En contrepartie de la vague, c’est en effet tout un espace davantage tourné vers les habitants qui pourrait voir le jour : logements étudiants et intermédiaires, centre de santé, espace universitaire, crèche, théâtre, piscine municipale flambant neuve, ferme pédagogique et programme éducatif. Mais tout est imbriqué. « L’un va avec l’autre et la vague tient le reste du projet », lâche Clémentine Autain qui dit vouloir rester « vigilante »
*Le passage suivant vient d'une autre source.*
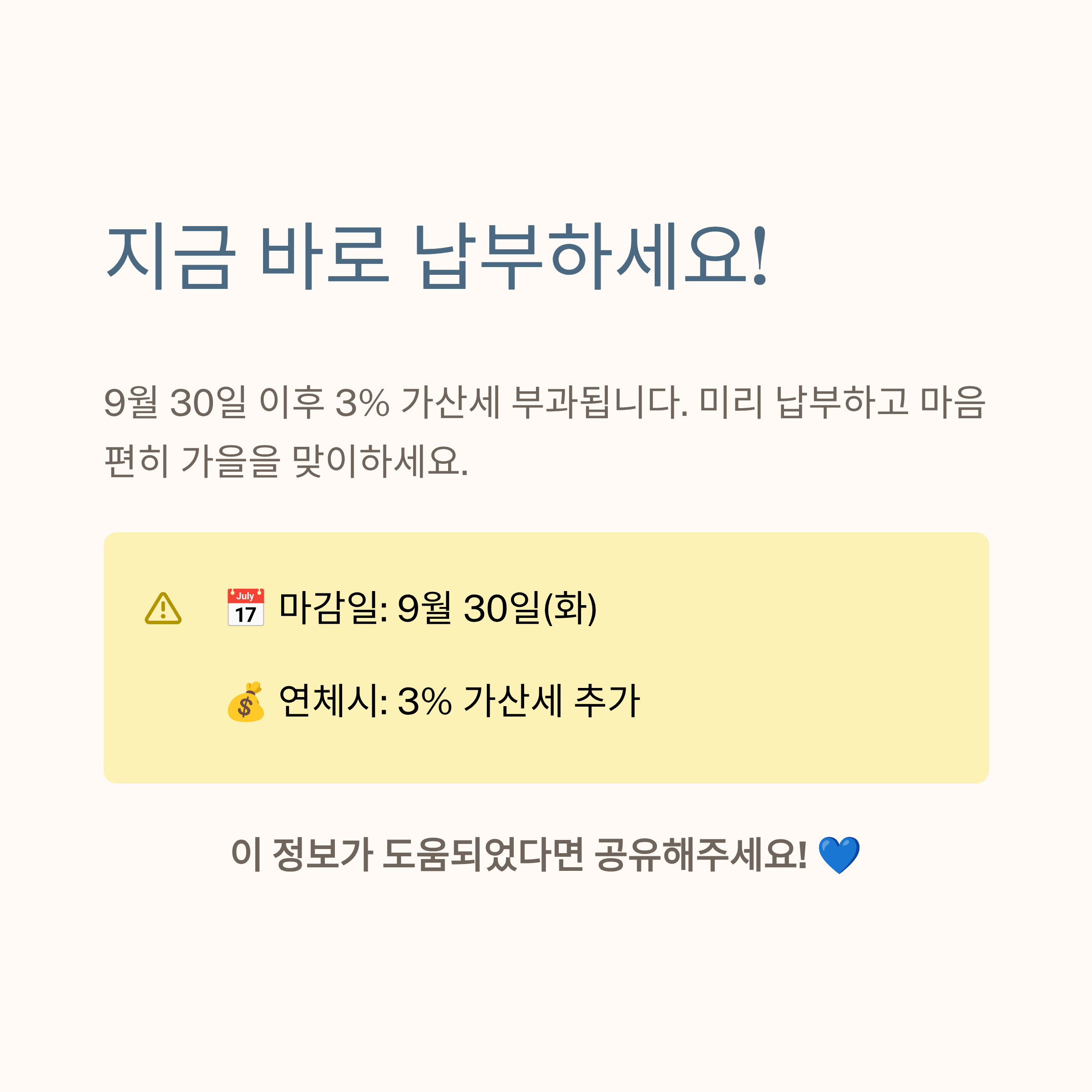 결론 : 9월 30일까지 잊지 말고 납부하세요!

« A l’époque de Stéphane Gatignon, j’étais contre le projet de zone touristique avec une vague et j’avais proposé de construire une zone universitaire. Aujourd’hui, il y a eu un changement de braquet avec Stéphane Blanchet. Le projet global s’ancre davantage pour les besoins des habitants. Mais il reste beaucoup de questions techniques : enjeu et coût énergétique, coût environnemental, le trou pour le bassin. On ne peut pas signer la Cop21 et faire des projets qui consomment follement », tranche-t-elle. A la mairie, on répète que rien n’est acté. Et comme promis lors de la campagne des municipales, ce référendum local sur le sujet sera prochainement organisé dans la commune. Tant la municipalité ne veut pas vivre « un nouvel EuropaCity ». Un projet qui avait également fait des vagues en Ile-de-France mais d’un autre acabit.